Claverie Pierre ; Gustavson Eric ; Meyer Anne-Cath
Né en Algérie en 1938, de parents pieds-noirs établis depuis plusieurs générations, Pierre Claverie quitte son pays natal à l'âge de dix-neuf ans pour entreprendre des études universitaires en France. Dix ans plus tard, après être devenu religieux dominicain, il rentre en Algérie, se lance avec enthousiasme dans la découverte de la société algérienne et devient progressivement cet " homme des deux rives ", capable de goûter et de faire aimer la saveur des différences. Nommé évêque d'Oran en 1981, Pierre Claverie s'engage à fond dans le combat pour une Algérie fraternelle et ouverte lorsque, à partir de 1990, celle-ci est confrontée à la violence. 11 est assassiné le 1er août 1996, comme le furent beaucoup d'autres Algériens, connus ou anonymes, ainsi que plus d'une vingtaine de religieuses et religieux.

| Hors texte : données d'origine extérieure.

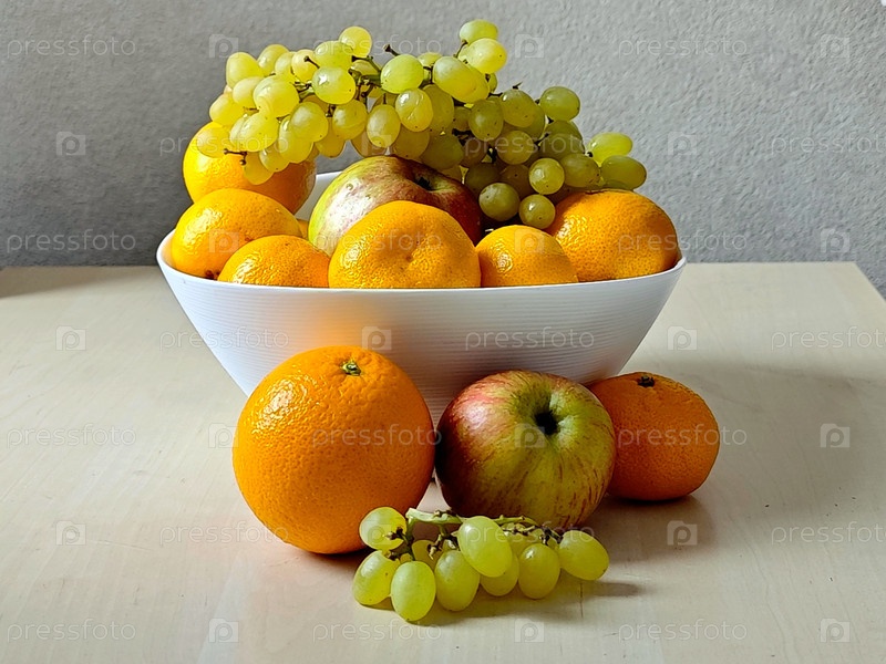 Тарелка с фруктами: апельсин, мандарин, яблоко, виноградный городок. Фруктовая тарелка: оранжевый, мандариновый, яблочный, гробы

A partir de 1957, quand Pierre Claverie part pour la France, les quatre membres de la famille (le père, la mère, Pierre et sa sœur Anne-Marie) s'écrivent : une lettre par semaine et cela pendant quarante ans ! Le premier volume de la correspondance (1967-1969), intitulé Il est tout de même permis d'être heureux, exprimait l'optimisme fondamental de Pierre Claverie et de sa famille. Durant les années que couvre le deuxième volume (1969-1975), Pierre fait l'expérience des complexités et tiraillements de la vie. Il parle de Cette contradiction continuellement vécue - titre donné à ce volume -, de cette tension qu'il vit, douloureusement et avec profit à la fois, entre son désir d'une vie intérieure en retrait du monde et les exigences d'une vie active, de plus en plus tournée vers l'extérieur : enseignant, conseiller de l'évêque de Constantine, Mgr Scotto, directeur des Glycines, centre d'études diocésain à Alger... Nous avons là un document exceptionnel et rare, non pas seulement à cause de la personnalité d'un des protagonistes, du lieu où il vivait et où il s'est impliqué comme religieux puis comme évêque, mais aussi par l'originalité et par les qualités littéraires de cette correspondance familiale.
Ce texte est destiné aux chrétiens et aux chrétiennes ayant déjà une formation de base, mais surtout confrontés aux questions et aux interpellations d'un environnement musulman.